Convenience wrapper that combines . build_se() and TSENATAnalysis() into a single function call. This creates a complete analysis object ready for Tsallis entropy computation and downstream analysis.

Usage

build_analysis(
  readcounts = NULL,
  salmon_dir = NULL,
  tx2gene,
  assay_name = "counts",
  metadata = NULL,
  tpm = NULL,
  effective_length = NULL,
  config = list(),
  skip = FALSE,
  verbose = FALSE
)

Arguments

readcounts: A matrix or data.frame of transcript-level read counts with transcript IDs as row names and sample names as column names. Typically output from quantification tools (SALMON, kallisto, etc. ). Optional when salmon_dir is provided (in which case readcounts are auto-loaded from quant.sf files).
salmon_dir: Optional character path to directory containing Salmon quantification output. Expected structure: salmon_dir/sample_name/quant. sf. When provided, automatically discovers and reads all quant. sf files. If both readcounts and salmon_dir are provided, salmon_dir takes precedence. Default: NULL.
tx2gene: Either: - A path to a GFF3 or GFF3.gz file containing transcript-to-gene mapping - A path to a TSV file with columns 'Transcript' and 'Gene' - A data.frame with transcript-to-gene mapping
assay_name: Character.

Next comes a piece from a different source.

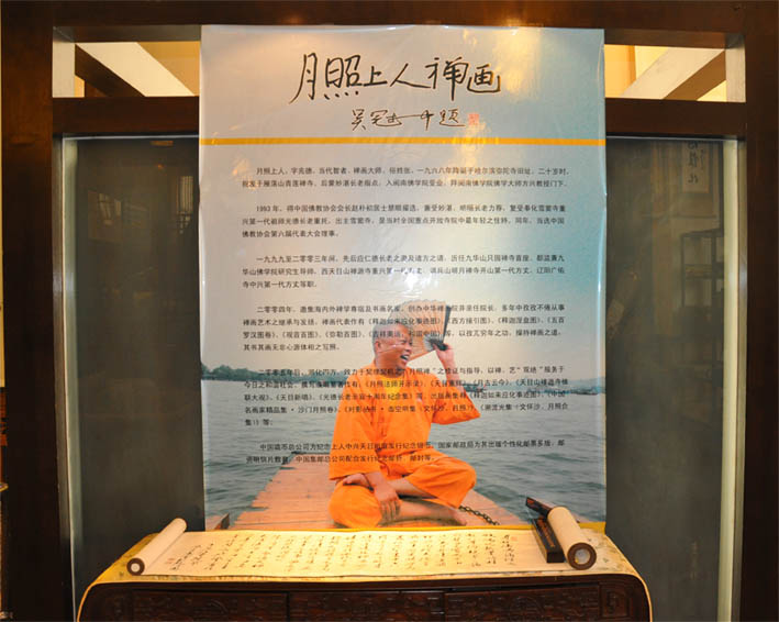月照上人,当代杰出的禅画艺术传承与光大者、大禅师。屡承恩师——已故中国佛教协会会长赵朴初先生惠注勖勉,秉朴老慈命,邀集海内外禅林艺苑名宿成立中华禅画院,并亲任院长。以孜兀穷年之功,操持禅画之道,其书其画无非心源体相之写照。 上人先后出主两浙名蓝(奉化雪窦寺、天目山禅源寺)、辽北二寺(调兵山明月禅寺、辽阳广佑寺)丈席,曾任九华山全山唯一十方丛林——祇园禅寺首座兼九华山佛学院研究生导师。在在处处宏开函丈,随宜说法,若讲经开示,若论坛演说,若会议展览,若义卖拍卖,若网络弘法……种种事业运作,起全机大用,度有缘众生,堪称佛教事业现代化之先驱。近几年来,上人一身自在,游化四方,致力于契理契机之“月照禅”之修证与指导,在众生心田拓荒耕耘,以淑世淑人为本分,以书画、演说、撰著为作务,敷法座于檀越熏修之精室,展经筵于EMBA专班,道俗景从,遐迩来叩。 禅画代表作有《释迦如来应化事迹图》、《西方接引图》、《释迦涅槃图》、《五百罗汉图卷》、《吉祥奥运•和谐中国》、《十八声闻游戏神通渡海图》、《五百大阿罗汉图卷》、《朝元仙仗图》、《法华经变图》、《玄门雷部众神尊像》等,精品靓构屡创拍卖佳绩。编撰著作有《月照法师开示录》、《天目重辉》、《月古云今》、《天目山禅源寺楹联大观》、《天目新唱》、《兆德月照上人如意歌》、《月照上人开示录》等。出版图(画)集《释迦如来应化事迹图》、《中国名画家精品集•沙门月照卷》、《溯流光集》(文怀沙、月照合集)、《昊月青华》(月照上人青华艺术图录)、《月照和尚写经集》、《弥勒佛像画集》、《道家神仙像画集》、《观音菩萨画集》、《罗汉像画集》、《儒释道线描人物画集》、《月照上人禅画》、《月照上人禅画艺术系列丛书》(3函24册)、《月照上人禅画精选》、《茶之父》(月照上人紫砂艺术大观)、《月照禅丛刊》(18册)、《中国近现代名家画集•沙门月照》等。
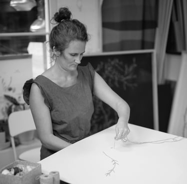 Guidée par la préciosité, Fanny créé des oeuvres brodées. Elle entrecroise les matières pour créer du mobilier et des tableaux. La broderie dompte des supports comme le bois, le grés ou le papier. Sa démarche se décline dans des projets sur-mesure.

Name for the assay (default: 'counts').
metadata: Optional data.frame with sample metadata. Should have sample names as row names and metadata columns (e.g., sample_type, condition, etc.). If NULL, will attempt to read from config$metadata. Priority: explicit metadata argument > config$metadata > NULL.
tpm: REQUIRED matrix of transcript-level TPM values (Transcripts Per Million). Must be provided and will be stored in the SummarizedExperiment for use during diverse filtering. Same dimensions as readcounts required (rows = transcripts, columns = samples). Typically from SALMON quantification output. If not provided to build_analysis(), subsequent filter_analysis() calls will fail with an explicit error message.
effective_length: REQUIRED numeric vector of transcript effective lengths (e.g., from SALMON EffectiveLength column). Length must match nrow(readcounts). Typically obtained as the median effective length across all samples. If not provided to build_analysis(), the data will not be stored for later use in length-normalized calculations.
config: Optional list of configuration parameters to store in the TSENATAnalysis object. Can also contain config$metadata which will be used if the metadata argument is NULL. Following Bioconductor best practices (fail-fast principle), create configuration via TSENAT_config() FIRST, then pass to build_analysis() at object construction time. This ensures invalid parameters are caught immediately, before analysis proceeds. See examples below for recommended usage pattern.
skip: Logical. If TRUE, allow unmapped transcripts (transcripts not found in tx2gene mapping) and remove them from analysis. If FALSE (default), stop with an error when unmapped transcripts are detected. Useful for handling data with transcript IDs that don't match the annotation file provided.
verbose: Logical. If TRUE, print informative messages during execution (e.g., Salmon sample discovery, progress on data loading). Default: TRUE.

Value

A TSENATAnalysis S4 object with:

@se: The SummarizedExperiment containing transcript counts and metadata
@config: Analysis configuration (empty list or user-provided)
@diversity_results: Empty list (populated by calculate_diversity())
@divergence_results: Empty list (populated by calculate_divergence())
@sait_results: Empty list (populated by calculate_sait())
@jackknife_results: Empty list (populated by jackknife functions)
@plots: Empty list (populated by plotting functions)
@metadata: Metadata with package version and creation timestamp

CRITICAL: TPM and effective_length Requirements

Both tpm and effective_length MUST be provided to ensure correct filtering and normalization in downstream analysis:

filter_analysis() requires TPM data (stored in metadata). If TPM is missing, the function will fail with an explicit error message that guides you to pass it to build_analysis().
calculate_diversity() uses effective_length for length-normalized entropy calculations.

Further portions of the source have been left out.